When you work on scientific computing infrastructure, whether at a national lab or a university HPC cluster, you quickly learn that most ML tools are built for the cloud and quietly assume things that simply aren't true on your system. They assume outbound internet access. They assume you can call an API mid-job. They assume your job runs to completion without being preempted. They assume someone will be watching a terminal.

I ran into all of these assumptions when I started building Materials Copilot, a larger project aimed at building a RAG-powered research assistant for materials science workflows. The first component I shipped was not the chatbot itself but the offline literature intelligence layer: the CO2M Literature Intelligence System, focused on carbon dioxide capture and mineralization papers. Getting it to actually work in an HPC context required rethinking a few things that are usually taken for granted.

The CO2M corpus is 47 scientific papers on carbon dioxide capture and mineralization. That sounds small, but 47 dense materials science PDFs, full of domain jargon, compound names, experimental conditions, and citations, is genuinely hard to navigate without tooling. Researchers need to answer questions like: which papers cover electrochemical mineralization? What are the temporal trends in sorbent research? Which documents are most relevant to a specific concept like "direct air capture"?

The obvious answer in 2024 is: build a RAG pipeline and put a chat interface on it. And that works fine on a laptop with a stable internet connection. On many SLURM-based HPC systems, especially restricted or air-gapped environments, that design becomes fragile quickly:

No outbound API calls during a compute job
Long queue times mean you can't iterate interactively
Jobs get preempted; partial state needs to survive
The people running jobs are not always the people querying results

These constraints pushed me toward a fundamentally different architecture than a typical RAG chatbot.

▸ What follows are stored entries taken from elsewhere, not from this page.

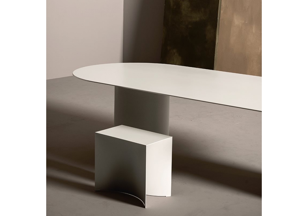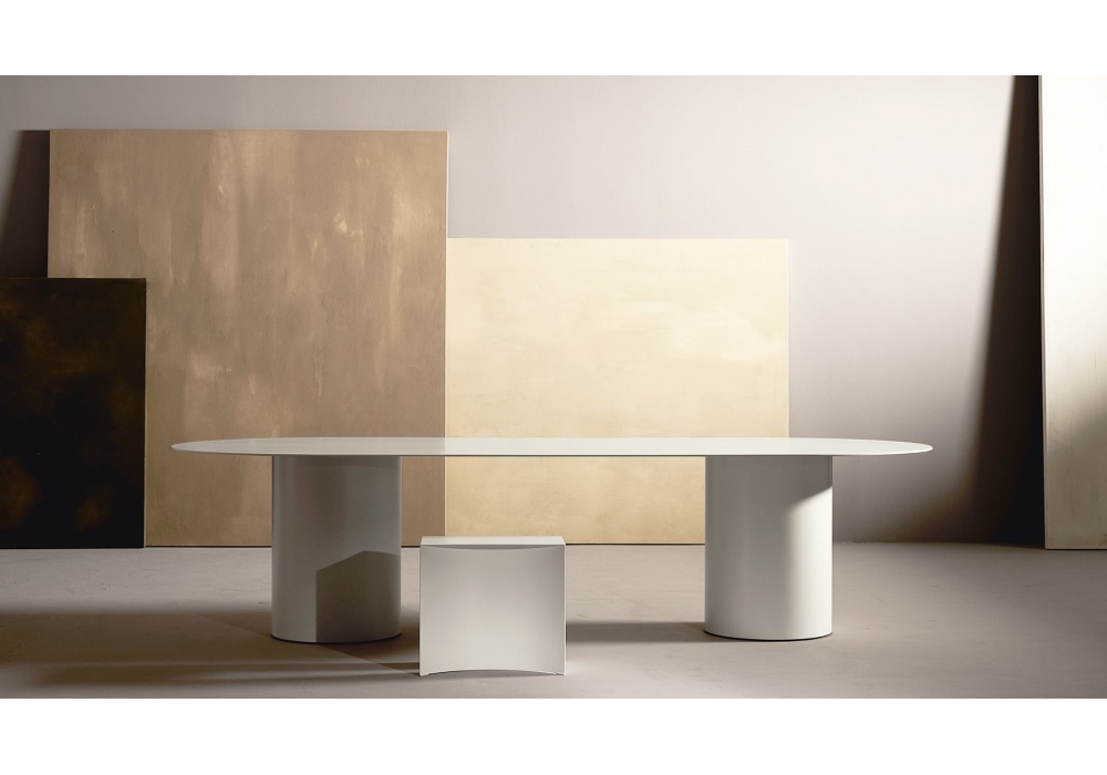 MM8 designed by Guglielmo Poletti for Desalto is a lacquered table with 8mm aluminum top and double cylindrical base covered in aluminum sheet. Available in 2 sizes.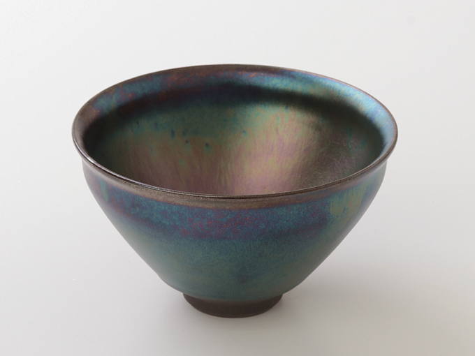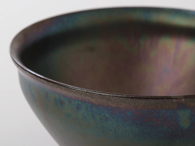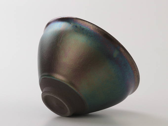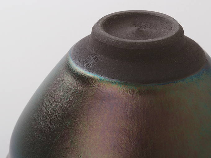 This bowl uses a glaze that forms a thin metallic film on the surface of ceramics, emitting an aurora-like iridescent sheen through light interference. It is a formula exclusively developed by this kiln. It shimmers with a pearlescent glow depending on the angle of light. Achieving this unstable coloration in a consistent and intentional way is extremely difficult, and it is something only this kiln can accomplish.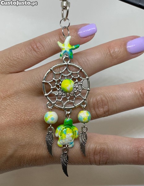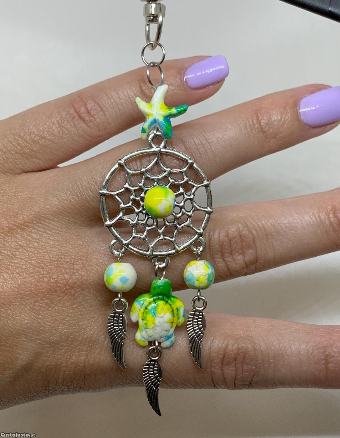 Porta-chaves cinzento com contas, estrelas e tartaruga verde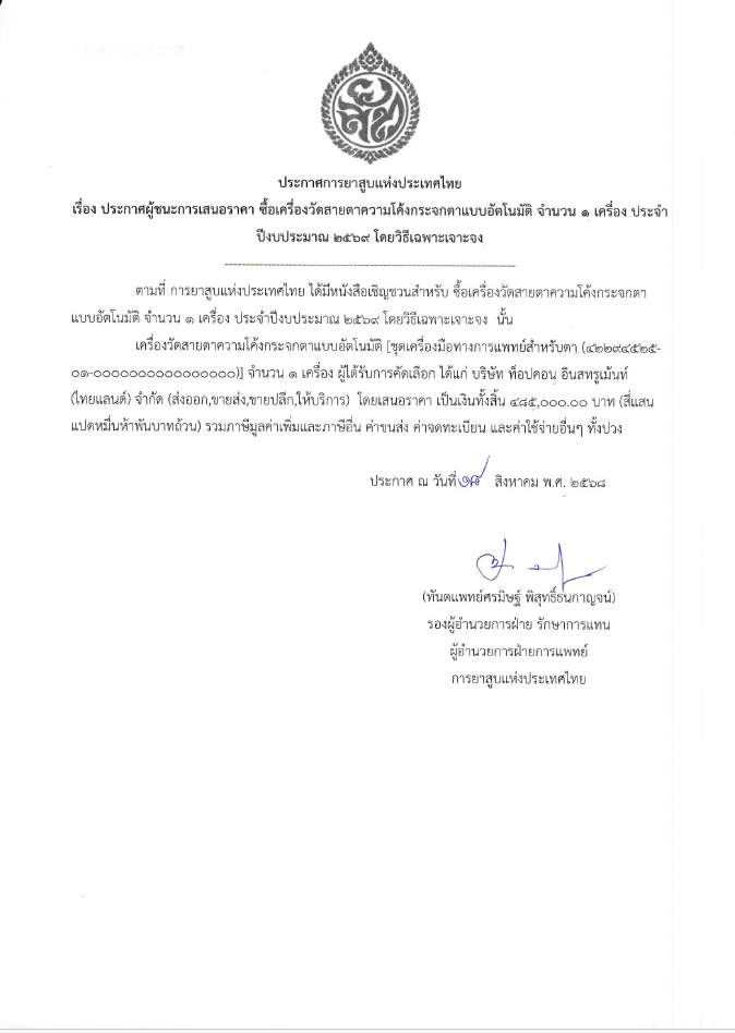 ประกาศการยาสูบแห่งประเทศไทย เรื่อง ประกาศผู้ชนะการเสนอราคา ซื้อเครื่องวัดสายตาความโค้งแบบอัตโนมัติ จำนวน 1 เครื่อง ประจำปีงบประมาณ 2569

The Core Design Decision: Build Once, Read Forever

The central idea behind the CO2M pipeline is artifact materialization. Instead of a live pipeline that parses PDFs, classifies chunks, summarizes documents, and builds visualizations at query time, the system does that work once in a batch job and writes everything to Parquet files. The dashboard and any downstream consumers read only from those artifacts. The future RAG layer can consume these same artifacts to build embeddings and populate a vector database.

This sounds obvious when you say it out loud, but it has real consequences:

The ingestion job can run on a compute node with no network access. It reads from the local filesystem and writes to the local filesystem. Nothing else.
The dashboard can run on a login node, a local machine, or anywhere else. It has no dependency on the cluster that built the artifacts. You scp the Parquet files and launch Streamlit. Done.
Job preemption is survivable. Because each pipeline stage writes its own artifact, a preempted job can resume from the last completed stage rather than starting over.

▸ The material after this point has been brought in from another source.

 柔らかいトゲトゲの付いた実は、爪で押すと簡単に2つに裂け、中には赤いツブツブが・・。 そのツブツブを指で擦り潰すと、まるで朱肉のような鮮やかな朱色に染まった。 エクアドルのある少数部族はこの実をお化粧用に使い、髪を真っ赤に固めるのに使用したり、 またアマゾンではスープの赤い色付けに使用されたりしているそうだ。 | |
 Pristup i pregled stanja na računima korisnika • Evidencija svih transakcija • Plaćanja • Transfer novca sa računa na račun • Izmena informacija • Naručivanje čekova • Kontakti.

The tradeoff is freshness. If you add new papers, you need to re-run the pipeline. For a research corpus that evolves slowly, that's an acceptable tradeoff.

The full flow looks like this:

Figure 1: CO2M Literature Intelligence Pipeline — Seven-stage workflow from PDF corpus to portable Parquet artifacts and Streamlit dashboard

Walking Through the 7-Stage Pipeline

The pipeline runs sequentially through seven stages, each consuming the previous stage's output.

Stage 1: Taxonomy Loading

Before touching a single PDF, the system parses concepts.yaml, a researcher-curated taxonomy of scientific concepts relevant to the corpus. This is the most important design decision in the whole system. Classification is grounded in domain vocabulary, not a generic topic model. If the taxonomy doesn't reflect how researchers actually talk about the field, everything downstream is noise.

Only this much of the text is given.